I had the same feeling again. Concentrating on a thought that feels so great, so clear. Also remembering something from my past. My friend Antitec always asks me if I can remember a single moment in my life that I was really happy. He tries to show me that we haven't lived our lives in full yet, that there is something missing. Now I remembered a moment, one that when it comes makes me happy, about one person. I'd pinpoint this one just like when Don Juan asked something similar to Carlos Castaneda (yeah, I had an obsession with Castaneda in the past :). Hmm,. now I am thinking it, the question that Antitec asks is very similar to that of Don Juan. Though what Don Juan was expecting from Carlos Castaneda was maybe not something that Antitec would (but I don't know since I haven't asked him, I am just assuming). Not an ordinary life milestone was expected, not the day Carlos got his university degree, not the day he was married, not the day he first kissed a girl, not something like that. Something out of the ordinary, something not applying for a regular happy time, something unexpected that changes one life but maybe it cannot be seen as that. The hell I know exactly, but the moment I remember is something anyone would say that it's not a milestone or a special moment or anything important. It indeed wasn't in that sense. My life didn't seem to change the next day. But it is a single moment it makes me feel great when I remember, a moment I wouldn't like to have missed from my memory now I am thinking it. I have (maybe poorly) explained it in an older post (Oh, and it's not just about falling in love with the girl or something, don't go into predictable conclusions).
That girl's attitude (that could also be attributed to alcohol) has something to do with the great feeling I had this night. It's about a thought that I also had in the past but maybe it only gets more clear, more sincere, more lucid as long as time passes. As with other current nice thoughts and feelings which seem to be just an evolution of older ideas that didn't felt quite right back in the vast past till only recently. Anyways,. I just figured out again what's really wrong with the world (and still have only 5 minutes to transmit before the Vogon space fleet arrives :P).
I think that people judge too much. They like to have a personal opinion which is ok because bearing a personality means drawing your own conclusions about the world around you. Sometimes it seems like they wish to treat the "ignorants" of their faults, who are wrong in their lives and have to be led through the one and only right way in life. The one that the judging people are following of course. They seem to like judging or trying to affect anyone else's life even though this could lead in a hassle or hurting someone's feelings or even worse. They just can't shut the fuck up, can't stop breaking someone's balls who is not in need of judgement but understanding and acceptance.
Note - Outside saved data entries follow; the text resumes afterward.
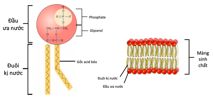 - Phân tử phospholipid gồm một đầu ưa nước (chưa gốc phosphate liên kết với một gốc ưa nước) và hai đuôi kị nước.
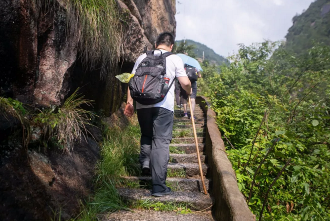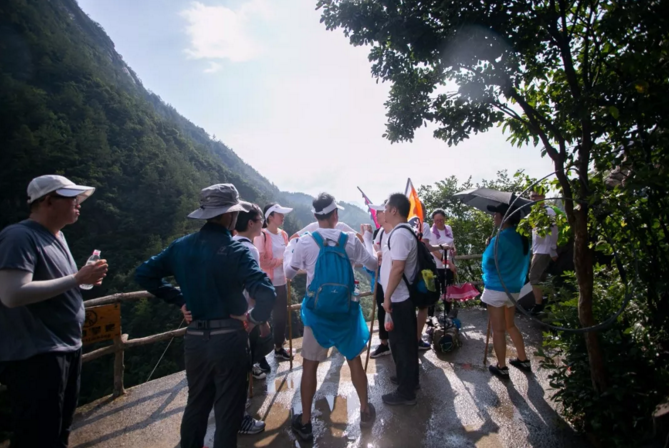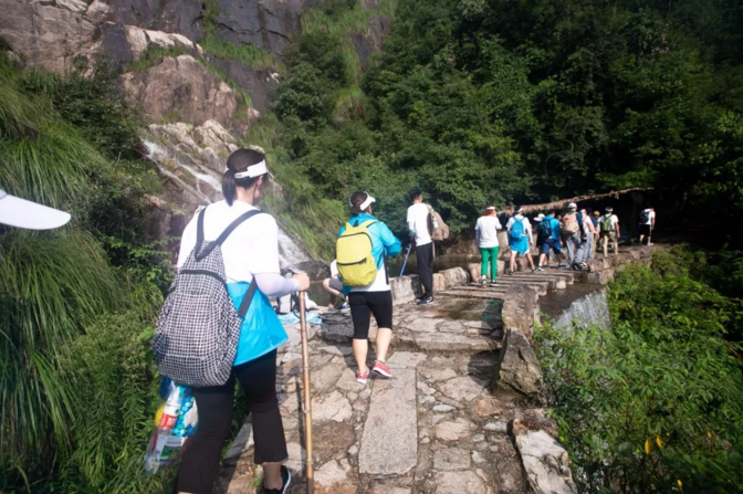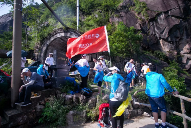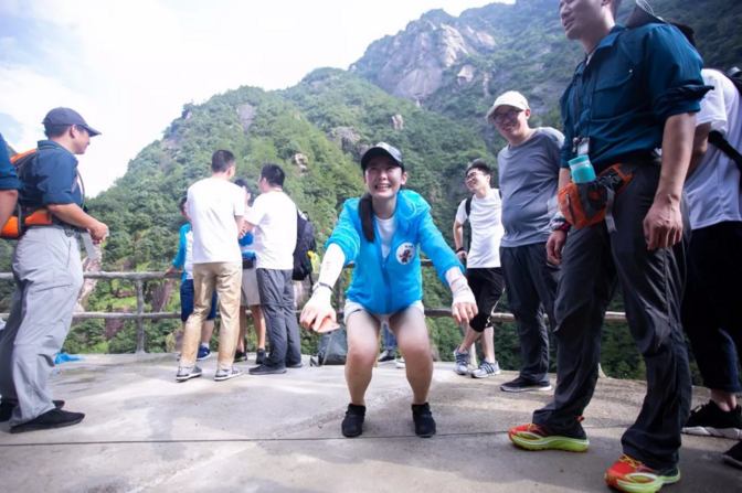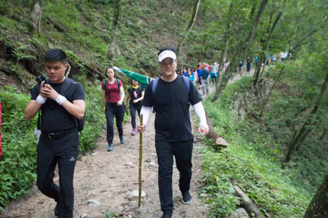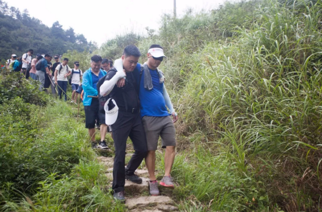 即刻出發(fā),在地勢險惡、荊棘叢生、陡峭山路上,EMBA802班團結一心,戰(zhàn)勝自然環(huán)境的艱險,打破內(nèi)心世界的阻礙,縱使炎炎烈日,仍有“會當凌絕頂,一覽眾山小”的決心。領導和教練們更是以身作則,帶領大家奮勇攀登,大家彼此攙扶,相互幫助、鼓勁,不讓一個人掉隊,充分發(fā)揚了不畏險阻、共同前進的團結協(xié)作精神。
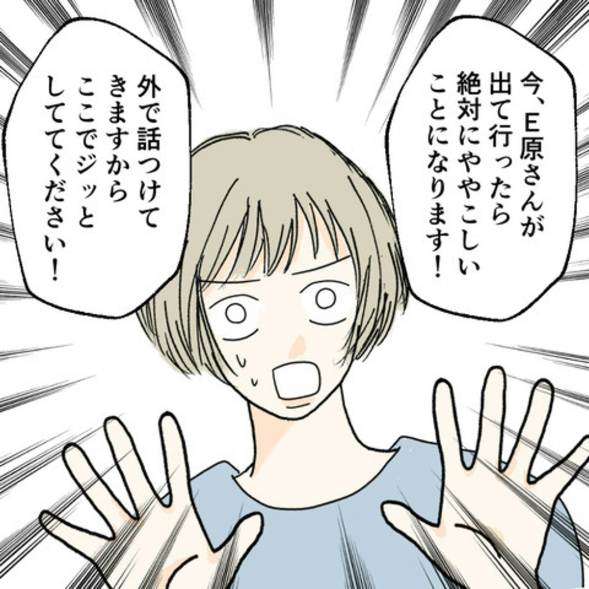 E原さんは自分がいてはいけないと察したのか「帰ります」と言いました。しかし、ここでE原さんがM生に会ってしまうと更にややこしくなると思い、S葉さんは自分から動くことにします。
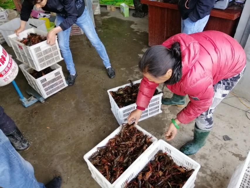 首先,要有心理准备,稻田养小龙虾有一项工作很累人,那就是起捕卖虾。因为虾苗本身大小不一,都是捕大留小,所以不是一天两天就可以卖完的,时间短则10天,长则一个月,而且大家都是习惯吃活虾,一般都是凌晨起床收地笼,天亮前后拉到收购点去卖,收购点分拣好后再装箱发往全国各大批发市场。但是好处是除了起捕卖虾比较繁重,平常也就喂1-2次料,下午喂料的时候放地笼(第二天收笼起捕),工作量并不是太多。
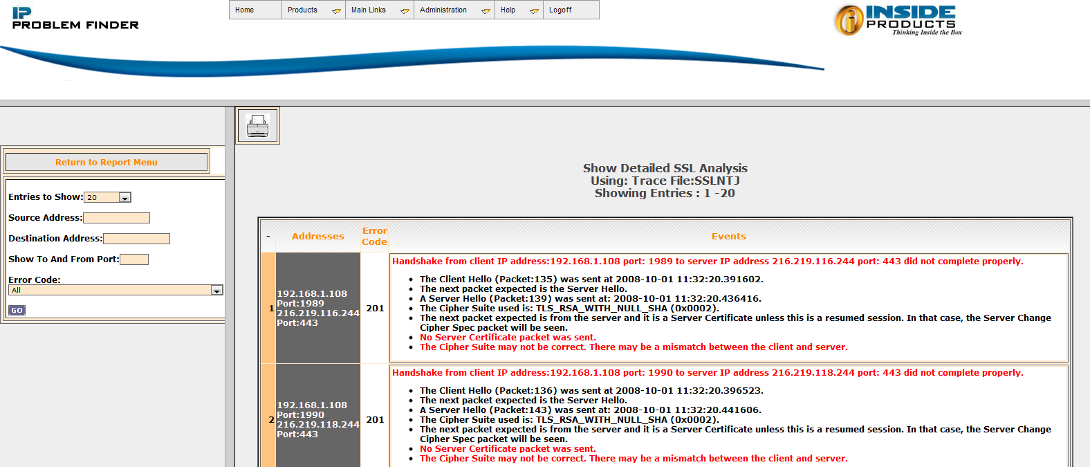 is being widely implemented to protect TCP application traffic. SSL Problem Finder will help you diagnose
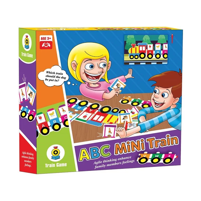 A játék során a gyerekek megismerhetik az angol ABC betűit, úgy, hogy a képeket a vonat megfelelő betűjéhez rakják. A játék mérete: 21 x 21 cm dobozban.
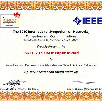 Danish Sattar (PhD) awarded Best Paper @ ISNCC
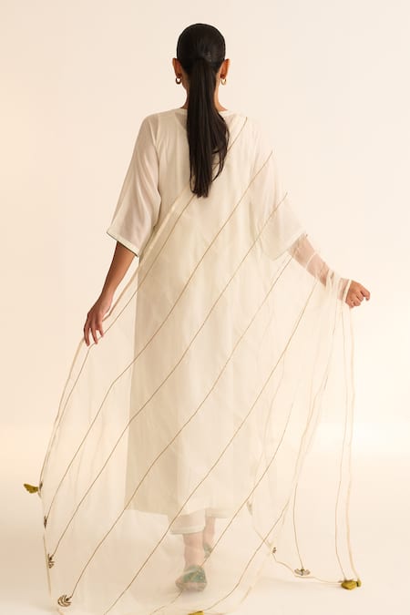 Ivory kaftan style kurta crafted in cotton silk with intricate resham and dabka embroidery. Paired with a straight silk pant and a dupatta featuring decorative tassels and embroidered accents.

Then I think that this is not the universal secret of why things go bad in the world (as that girl in hitchhiker's guide to the galaxy was about to reveal to the world before that stupid mistake took place :). I think that it is only my own interpretation of why things went wrong in my life. And not only my own but maybe several million other people's. People with similar needs as mine.
I am talking about my personal story here I guess. Though I think it's quite important because I can remember very very few people in my life with a mentality that's quite different than the common judging one most people have. That mentality in these few people is not even pretentious one. I can feel it on themselves. They are genuinely cool not as cool in neat but as in free. While even people who pretend to be free and open minded still draw some lines of what they fear and can't accept. But who wouldn't? Even I do it. Even I do get serious. I guess even me should learn how it's possible for those rare people to be so free. Free as in FREE! An aura of free :)
My personal story is also important because while judging could push a specific kind of people to improve their lives, it had the opposite effect on me and several other individuals with similar emotional needs. Some members in my family where extremely judging towards myself and that really killed my self esteem. Also, I tend to be affected negatively just by remembering what the common opinion of the world has to say about several aspects of my life. At least I used to. It really killed me. But now I am immune after personal considerations about my true nature and how judging or taking the blame just doesn't help me but draws me deeper into shit. The effect that judging has, was so bad on me that it was forcing me to spend years of my life trying to excuse myself about what I am and only get even more sad at the end. Now you know why I get so passionated about defending myself against the common beliefs.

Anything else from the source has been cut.